Dopo l’adozione di provvedimenti cautelari nei confronti di sei militanti, gli skinheads vogliono replicare. Prima lo fanno con un comunicato stampa: «Nonostante le dichiarazioni rilasciate dal questore Gianni Calesini, il quale afferma che “il discorso politico non ci interessa”, replichiamo che certe azioni repressive, adottate attraverso due pesi e due misure (chi si diletta a distruggere intere città non subisce tanto accanimento), vengono solo e sempre utilizzate per criminalizzare una precisa area politica». Poi, nel corso della conferenza stampa, Marco Rossella aggiunge: «La mattina del 28 marzo sapemmo dalla stampa che Saverio Ferrari sarebbe tornato a parlare a Pavia. Ferrari negli anni ’70 ebbe a che fare con il “covo” di viale Bligny, a Milano, dove venivano schedati i giovani militanti di destra. Un individuo simile non ha il diritto di venire a tenere lezioni di democrazia a Pavia. Così decidemmo di partecipare alla serata per esprimere il nostro dissenso. Portammo con noi solo dei fischietti. Le due bombe carta delle quali si è parlato erano in realtà solo un “raudo” [un grosso petardo ndr] che facemmo esplodere perchè una protesta si deve far sentire. Cercammo di entrare, ma all’interno ci aspettavano armati di bastoni, catene e sedie. Io ero il primo; appena varcai il cancello lo chiusero e mi presi due bastonate in faccia. Reagii e riuscii ad uscire. Richiusero il cancello e ci lanciarono dei sassi. Poi arrivò l’auto e cercò di investire uno dei nostri. Reagimmo prendendola a calci, ma solo perchè aveva cercato di investirci.

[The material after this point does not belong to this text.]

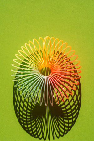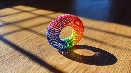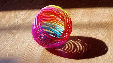 A vibrant and colorful plastic spring toy rests on a wooden floor, casting playful shadows and highlights in natural light, ideal for children
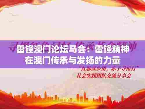 雷锋精神指的是中国军队士兵雷锋的社会主义价值观和模范行为,以奉献、助人为乐和集体主义为核心。在澳门,一个具有独特中西文化交融背景的特别行政区,雷锋精神不仅被广大人民所传颂,并且也在持之以恒地传承和发扬。本文以“雷锋澳门论坛马会”为研究对象,通过对相关的文献资料的收集与分析,旨在揭开雷锋精神如何在澳门被传承,并揭示其在社会发展中所扮演的角色。

Non c’è stata alcuna azione militare, se avessimo voluto assaltare il Barattolo non ci saremmo presentati disarmati. E lo eravamo, dal momento che addosso a nessuno di noi la polizia ha rinvenuto delle armi». Nocciolo della questione sembra essere Saverio Ferrari. Marco Carucci lo definisce «un cattivo maestro ancora in circolazione». La manifestazione che avrebbe dovuto tenersi ieri è stata vietata. Gli skin annunciano presidio per sabato 17 maggio, sempre in Piazza Vittoria.

f.m.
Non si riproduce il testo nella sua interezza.